In the wake of a study released by ERASE Racism last week that raised concerns about health and safety issues at the Channel Park Homes after Hurricane Sandy, the city sent a letter to the U.S. Department of Housing and Urban Development, FEMA and the Governor’s Office of Storm Recovery this week calling on those agencies to address the report’s findings.
Long Beach’s Channel Park Homes were neglected after Hurricane Sandy, according to a report released last week by ERASE Racism, a Syosset-based civil rights organization. It concluded that there had been a lack of remediation at the public housing development, and that mold-infested homes there continued to pose a health hazard.
Channel Park — in the city’s North Park neighborhood and under the jurisdiction of the Long Beach Housing Authority — is one of the areas most susceptible to flooding, according to representatives of the group, which presented its findings at a March 29 meeting at the Evangel Revival Community Church.
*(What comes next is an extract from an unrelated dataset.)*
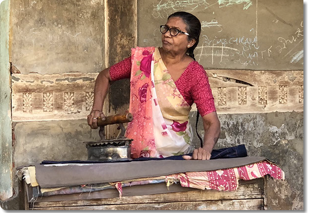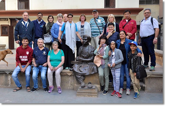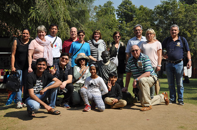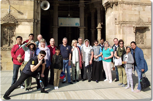 We left Bhuj at 9am. A very important military person was visiting the restaurant in our hotel and was guarded by a few soldiers ready to shoot. We stopped for tea/coffee and restrooms after a ride of 2h50. Lunch with the youth group at the palace §. Visit and shopping at the Traditional Textiles Society of Gujarat. Drive to Hotel Ramada Ahmedabad. After a short refreshing break we gathered on the nice terrace on the 11th floor for mojitos and snacks. Mojito background story: we made a bet with Fernanda/António while in the bus, to guess at what time we would arrive at our hotel. Julia won and Alice bought us all delicious mojitos. And we were happy to be able to eat "normal" food, i.e. not spicy. We had bruschetta, pizza, toasts with noodles (yes!) and others.

“We understand that [the Federal Emergency Management Agency] and New York State Governor’s Office of Storm Recovery are working to fund storm-recovery mitigation projects at the Housing Authority, and we are urging both agencies to expedite this process as quickly as possible so that the Housing Authority can rebuild properly and with resiliency,” Schnirman said. “ … Health and safety concerns must be paramount and be addressed expeditiously.”